Step 3 . Understand how you can programmatically control the volume control. Surely there is any multimedia API that allows you to do this. Minimum program - you need to write a program that will receive signals from a USB device and control the volume. It would be nice, of course, to write a driver, but it's scary to take it. Better leave for later.
So, I will describe the process of creating a regulator in steps. I omit the details, otherwise it will be too boring. To whom it is interesting, see the source [6] and documentation links.

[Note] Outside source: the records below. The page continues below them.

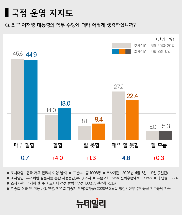 이재명 대통령의 국정 지지도가 62.9%를 기록했다는 여론조사 결과가 10일 나왔다.뉴데일리 의뢰로 여론조사기관 '리서치웰'이 지난 8~9일 전국 만 18세 이상 남녀 1006명을 대상으로 이 대통령의 직무 수행에 대해 물은 결과 '긍정 평가'가 3월 4주 직전 조사보다 3.3%포인트 오른 62.9%로 나타났다. '부정 평가'는 직전 대비 3.5%포인트 하락한 31.8%다.구체적으로 보면 '매우 잘함'은 44.9%, '잘하는 편'은 18.0%, '잘못하는 편'은 9.4%, '매우 잘못함'은 22.4%로 집계됐다. '잘 모름'은 5.3%다.'긍정 평가'는 40대(75.2%), 호남 지역(85.4%)에서 상대적으로 높게 나타났다. '부정 평가'는 30대(52.2%), 대구·경북(39.8%)에서 높게 형성됐다.
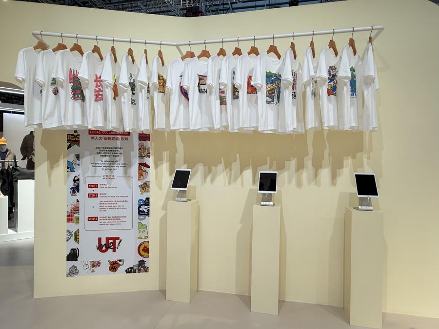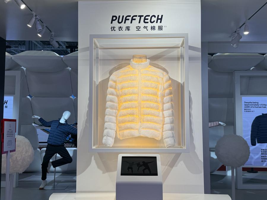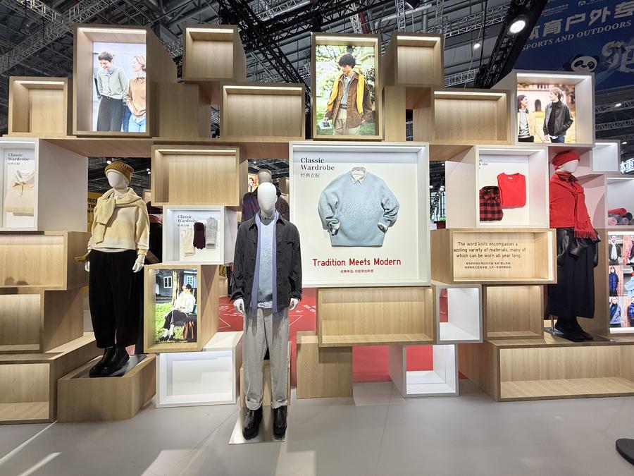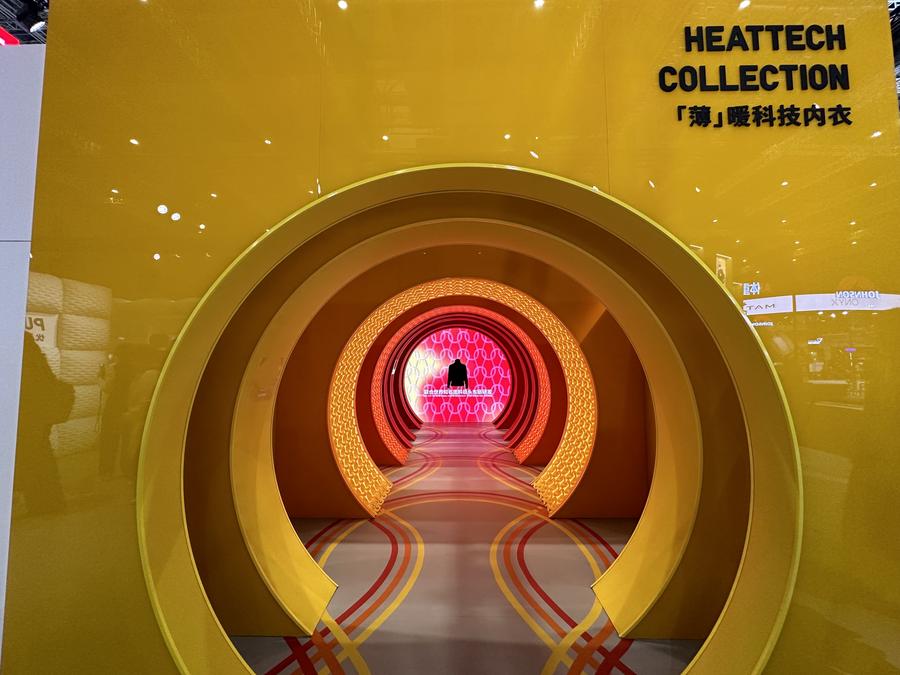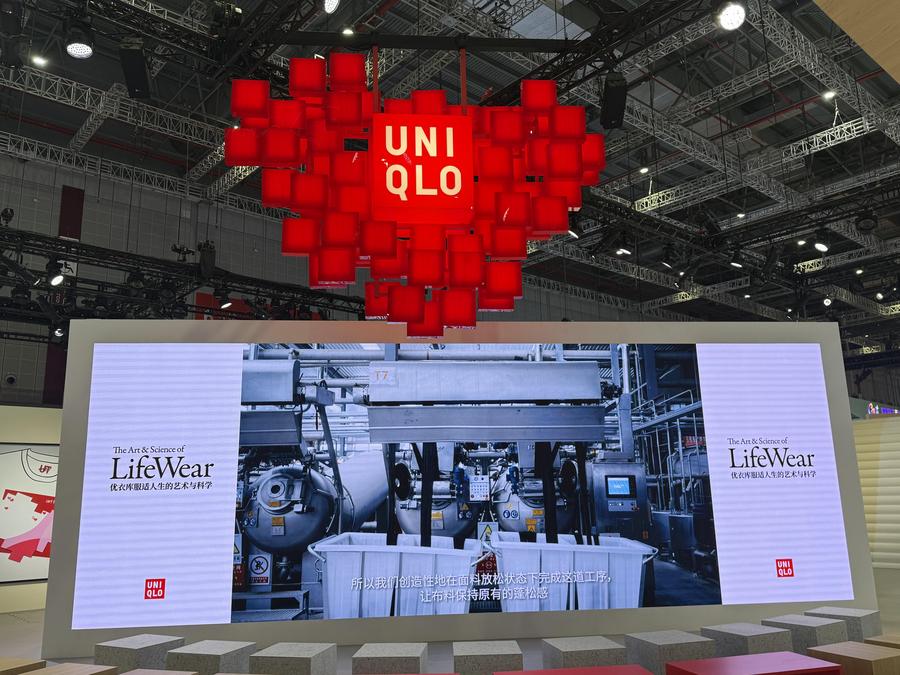 4日、ファッションブランド「ユニクロ」を展開するファーストリテイリングのブースの展示。(上海=新華社記者/方芸暁)
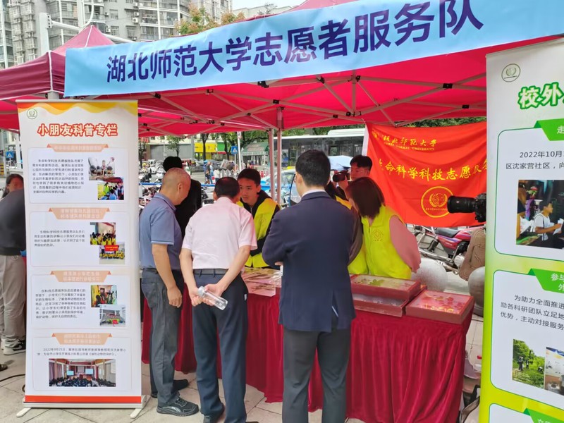 为提升全民科学素质,展现自然界独特魅力,开拓民众科学视野,9月23日上午,6686体育生命科学科技志愿服务队在席德强教授的带领下,前往黄石港区万达广场参加了“全国科普日”启动仪式,并在现场进行了精彩的科普宣讲。志愿队为此精心准备了昆虫标本和植物标本若干件,以及相关主题展板。

[ Step 1. Creating a low-speed USB device on a breadboard ]
This step was completed without even starting - somehow too simple and banal. Stupidly downloaded the sample project by reference [1]. Corrected a file usbconfig.h - for Ponte called my device ENCODER DEMO , for more fantasy was not enough. I checked in the Makefile the type of process (ATmega16), the frequency of quartz (16 MHz) - to match my AVR-USB-MEGA16 layout. I compiled the project in AVRStudio, flashed the mockup, connected it to the computer - it all started half a turn, my USB device worked properly as a virtual COM port - everything is exactly as written in article [1].
[ Step 2. Connect the encoder to the USB device ]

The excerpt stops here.